Typically, the authors form a Reimann sum then proceed to demonstrate the existence and uniqueness of the limit of the Reimann sum. Now, proceeding in such a fashion, Courant, for instance, derived the substitution formula with the use of the Jacobian for a system of curvilinear transformation by exploiting the property of the Jacobian that is actually a determinant - a determinant, as most will know, encodes a form of measure that is most commonly interpreted as the volume of an appropriate parallelepiped. The following will make what I have suggested more explicit (from Courant's "Introduction to Calculus and Analysis II", page 399)
$$ \begin{vmatrix} \phi(u_0+h,v_0) - \phi(u_0, v_0) & \phi(u_0,v_0+k) - \phi(u_0, v_0) \\ \psi(u_0+h,v_0) - \psi(u_0, v_0) & \psi(u_0,v_0+k) - \psi(u_0, v_0) \\ \end{vmatrix} $$
for $x=\phi(u,v), y=\psi(u,v)$
To interpret the above, consider the point $(u_0,v_0)$; we form a rectangular region with the increments $h$ and $k$, and we perform the corresponding system of curvilinear transformation for the corners of the rectangular region. When we're interested in some form of measure, say, the area of the new region after a curvilinear transformation, the determinant naturally presents itself conveniently, to be used in an approximation.
And, by forming a difference quotient (more directly, actually, by applying the intermediate value theorem of differential calculus), we have the following approximation (for an appropriate system of curvilinear transformation i.e. e.g. for a system of sufficiently differentiable curvilinear transformation etc.)
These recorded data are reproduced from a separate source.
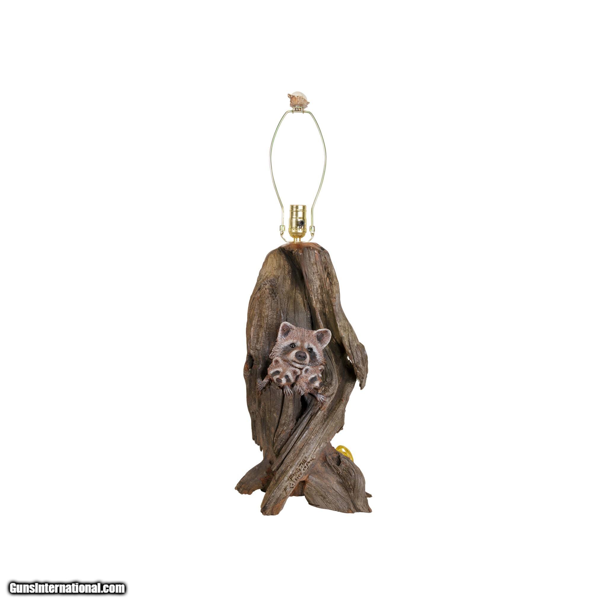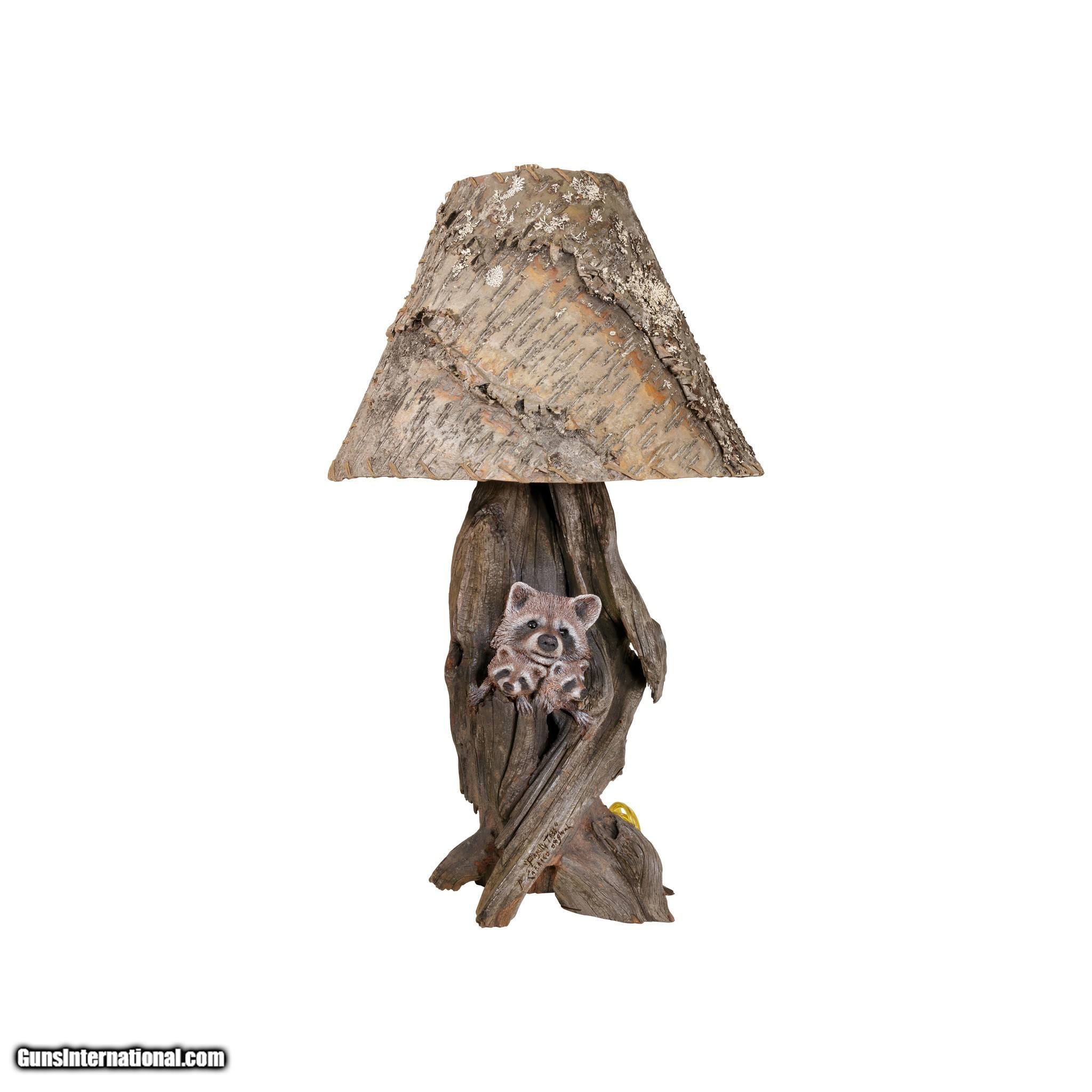 Carved Raccoon Table Lamp
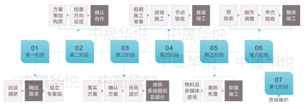 中晟華悅多年服務流程與項目經驗,以實現項目順利高效完成為目的,對甲方提供整個展館建設的前期準備及推進程序,請悉知。
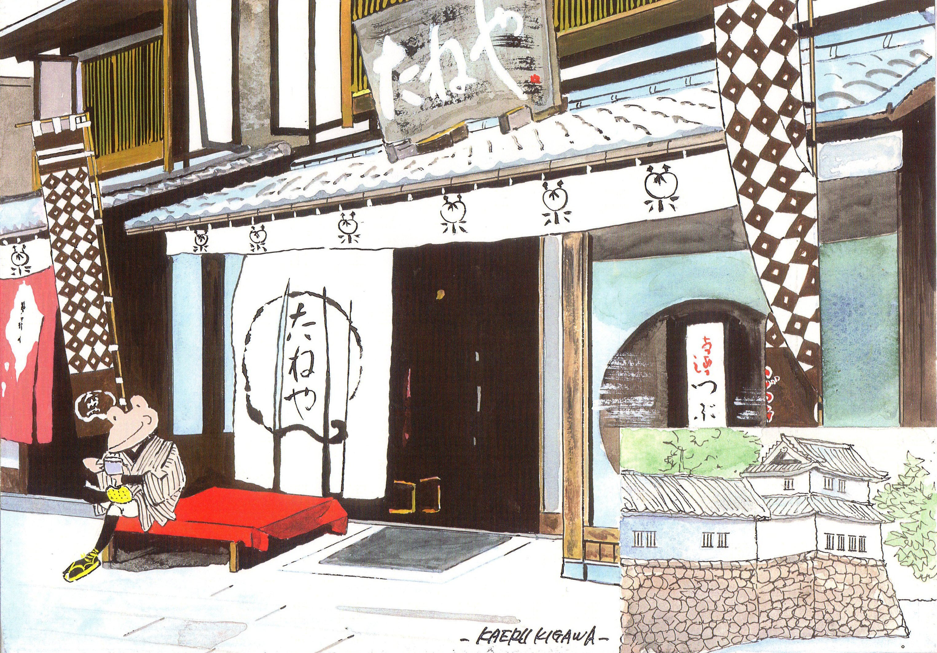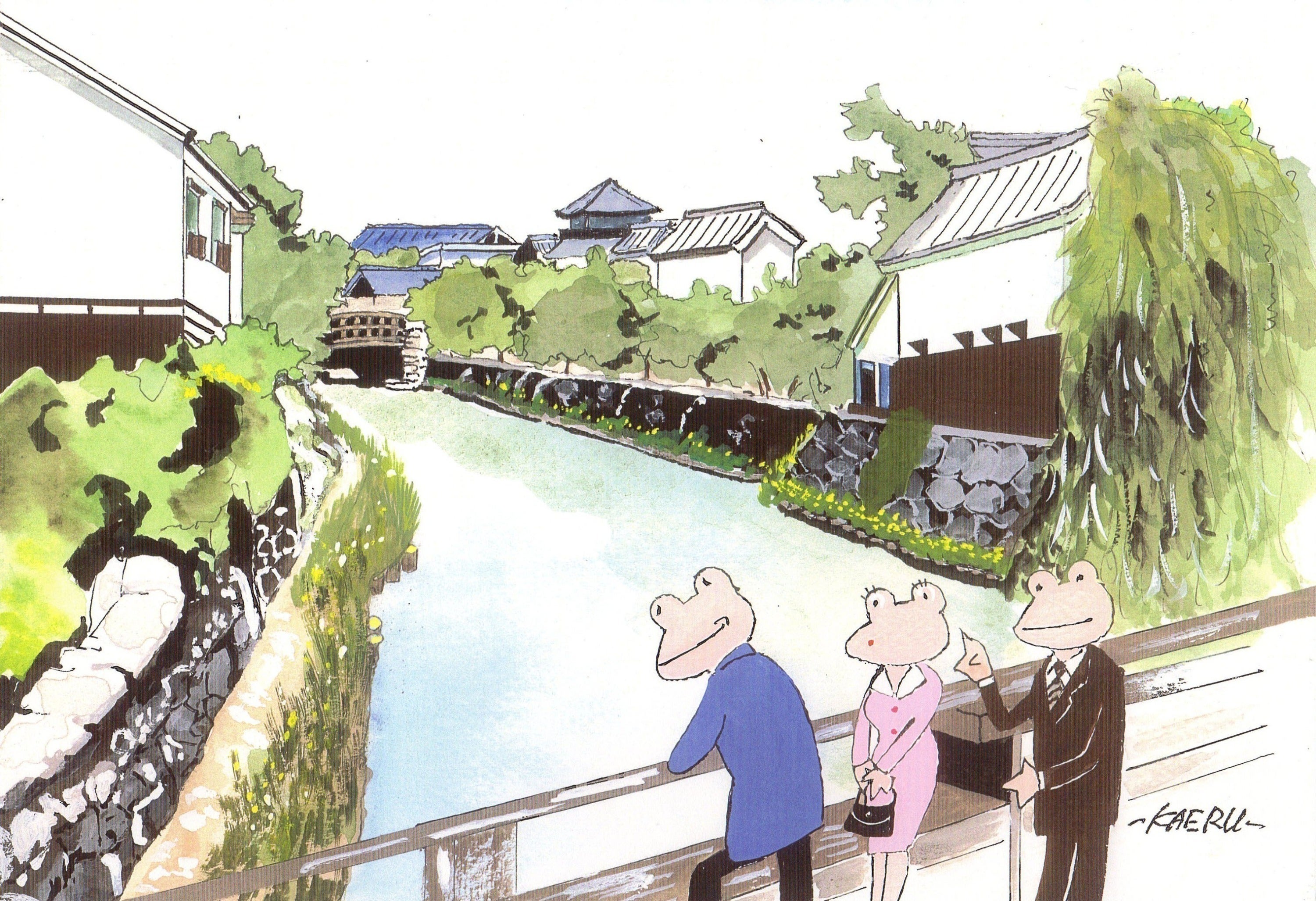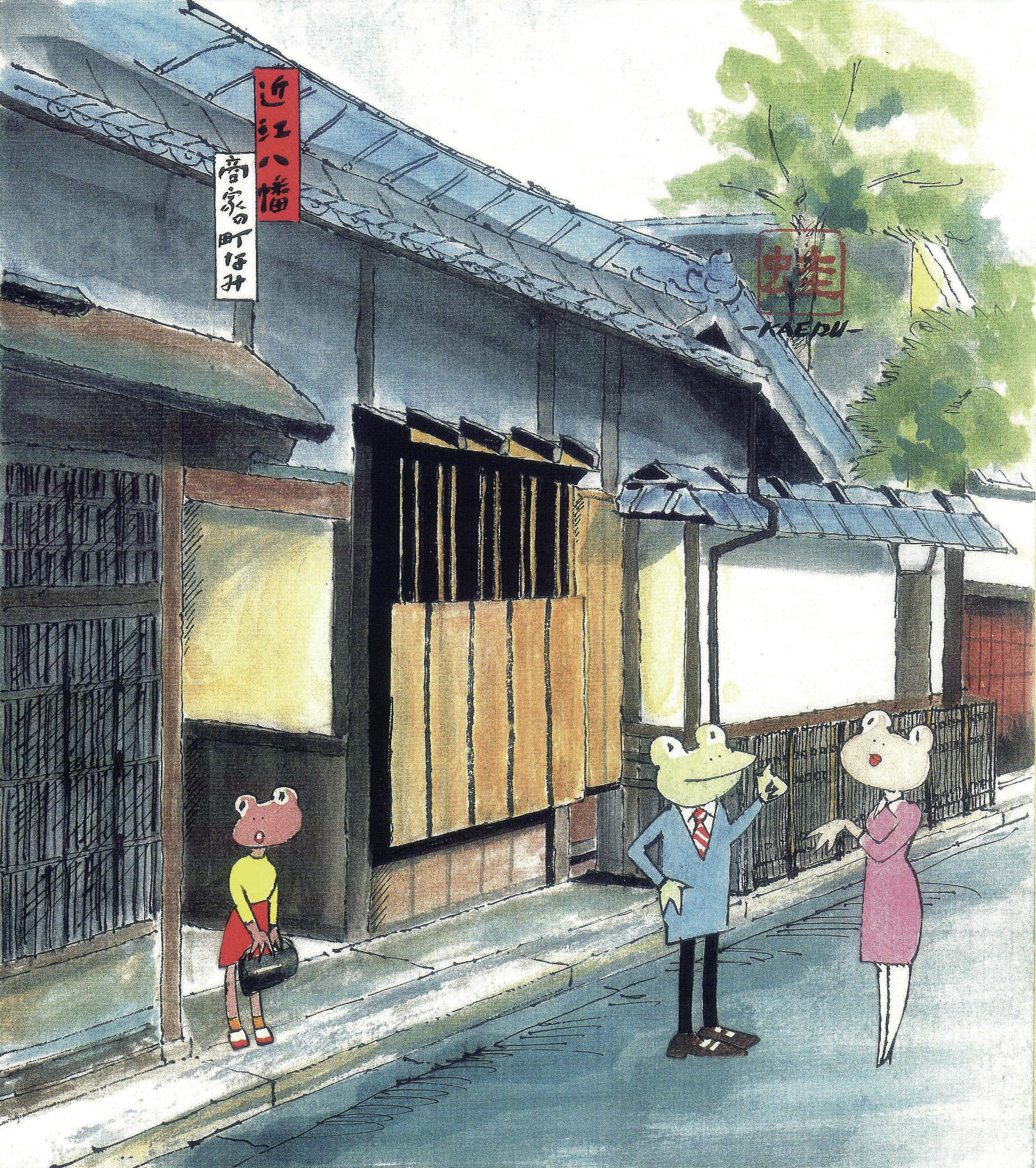 カルタの絵と書は、近江八幡出身のジャズ漫画家 木川かえるが担当しています。かえるを擬人化したユーモアあふれる画風で、大人からこどもまで遊びながら学べるカルタですが、今では絶版となっています。
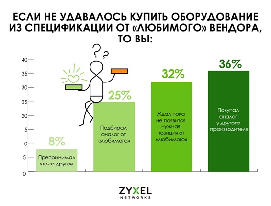 Ситуацию с задержкой поставки оборудования от нужного вендора 65% опрошенных охарактеризовали как терпимую. 18% сообщили, что готовы ждать сколько нужно, лишь бы получить то, что было необходимо первоначально. 17% оценивают задержку как чрезвычайно критичную для бизнеса.
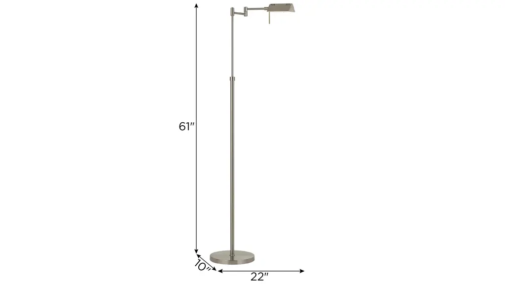 Update your decor with this Pharmacy Adjustable LED Floor Lamp. It features a slim pole lamp design with adjustable arms. It has an integrated 3000K led light with a 780 Lumen Output.
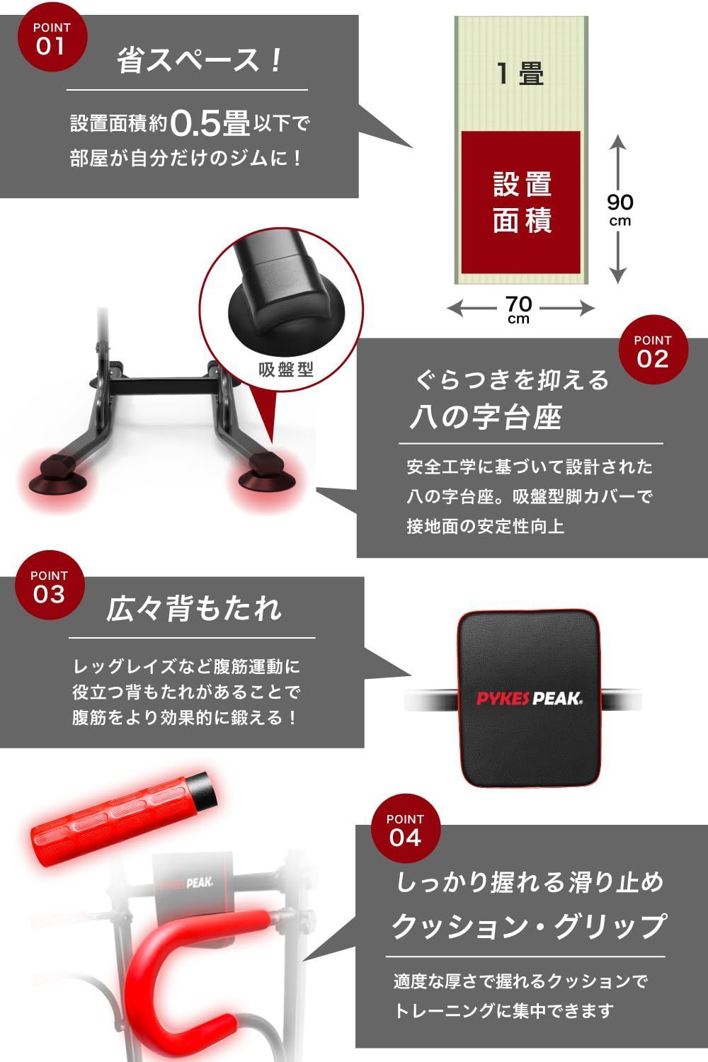 ?【製品仕様】設置面積は約70cm×約90cmで、スペースを取らずに自宅でしっかりトレーニングが可能。総重量16.5kgで、八の字型の台座と吸盤型のフットカバーが接地面での安定感を向上させ、トレーニング中のぐらつきをしっかり抑えます。カラーはオールブラックとブラックレッドの2色をご用意しており、インテリアに合わせてお選びいただけます。さらに、取扱説明書と工具が付属しているため、女性でも簡単に組み立てられ、手軽にセットアップ可能です。
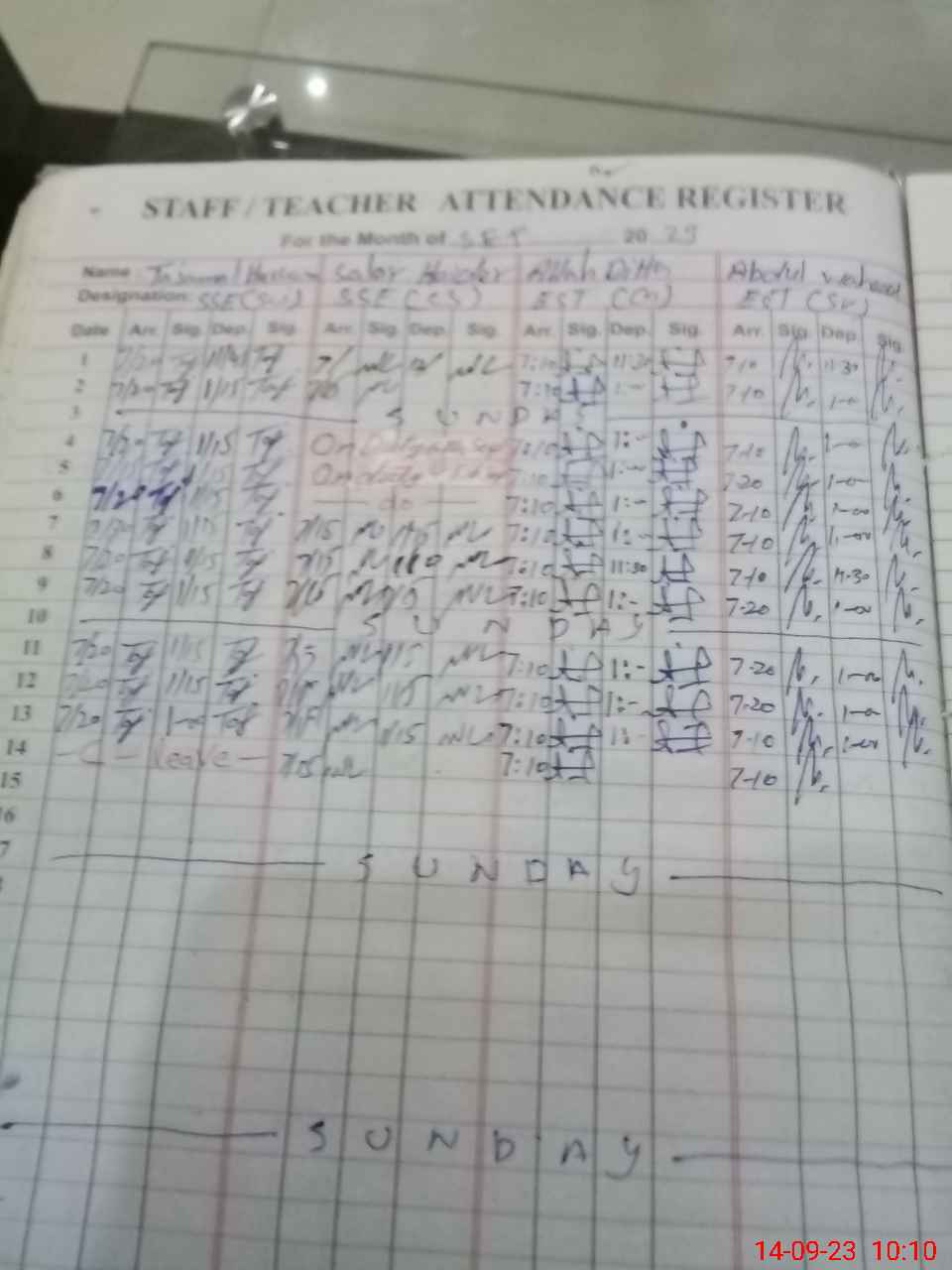| CNIC | Full Name | Designation | R/C | Absence During Last Calender Month |
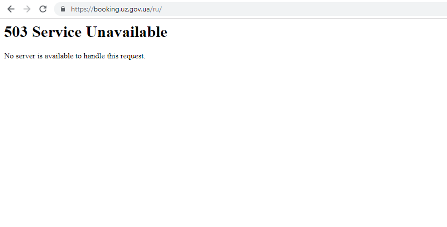 Вечером во вторник, 4 декабря, случился сбой сервиса "Укрзализныци" для покупки билетов онлайн.Сайт, расположенный по адресу booking.uz.gov.ua не открывается и выдает ошибку №503.
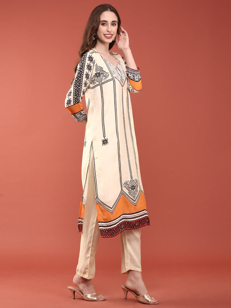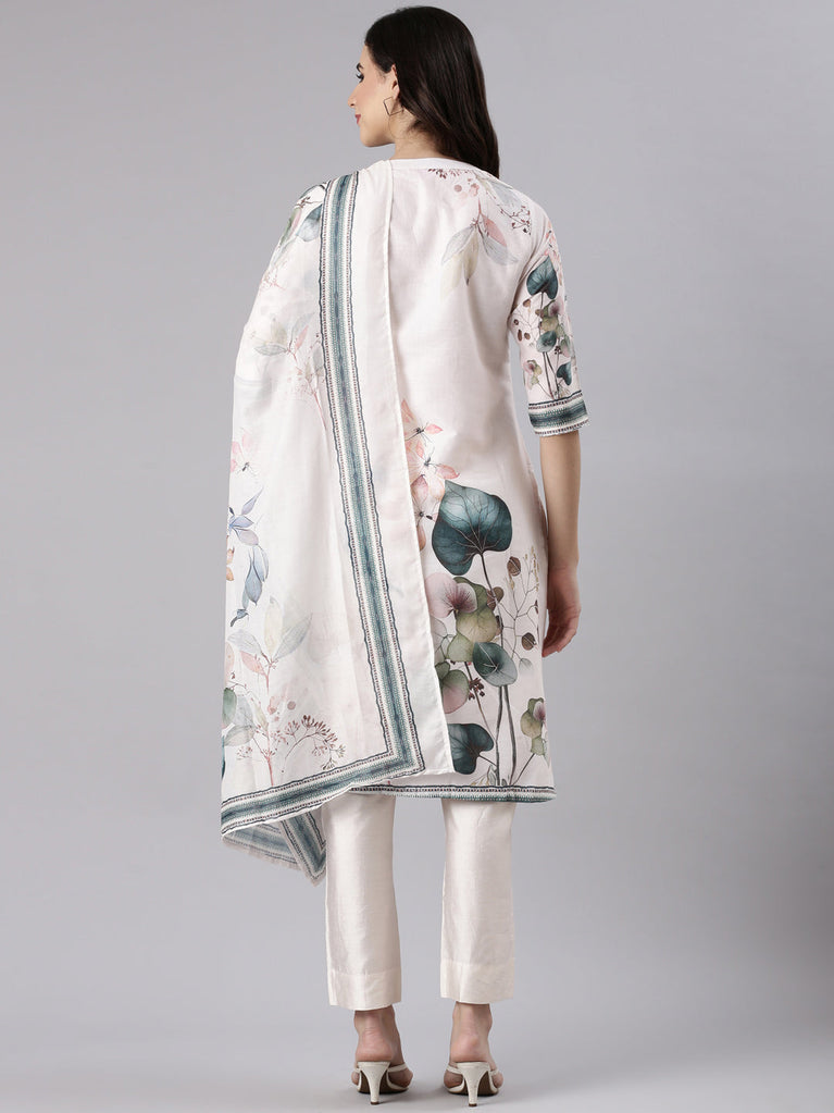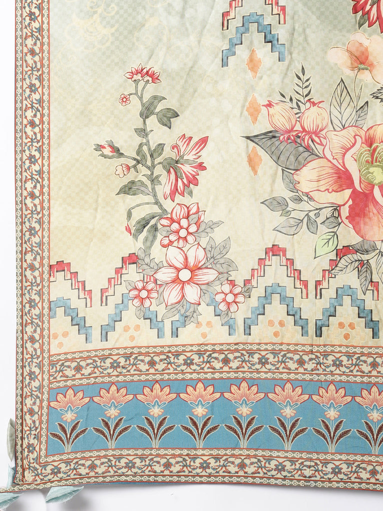 Cream Silk Digital Printed Three Piece Set

$$ hk \begin{vmatrix} \phi_u(u_0,v_0) & \phi_v(u_0,v_0)\\ \psi_u(u_0,v_0) & \psi_v(u_0,v_0)\\ \end{vmatrix} $$
Intuitively, we can treat the increments $h$ and $k$ as $du$ and $dv$, if the limit exists, then write $\iint f(x,y)\left | D \right |dudv$ as treated on the whole, and where $D$ is the corresponding Jacobian.
A rigorous proof was, of course, given to support such an intuitive and heuristic consideration.
Note: It may be noticed that the determinant acts, as a measure, for parallelepipeds. Then why would one so carelessly allow a more general curvilinear transformation? Indeed, the proof in Courant's book took advantage of limiting processes, and taken for granted is the fact that, with appropriate conditions, linear approximations are always possible. Without going into rigorous detail as would bog down this answer, consider Ghorpade's intuitive discussion:
The basic idea is to utilize the fact that any "nice" transformation from a subset of $\mathbb{R}^2$ to $\mathbb{R}^2$ can be approximated, at least locally, by an affine transformation from $\mathbb{R}^2$ to $\mathbb{R}^2$.
And, in fact, the invariance of areas of parallelepipeds in a 2-dimensional Euclidean space, up to a multiplication by the absolute value of the Jacobian corresponding to the affine transformation, after an affine transformation, was already proven to be true by Ghorparde.
The Jacobian is quite a fascinating object as it seems to encode a wealth of useful properties. Though, at this stage of my studies, I am limited in scope.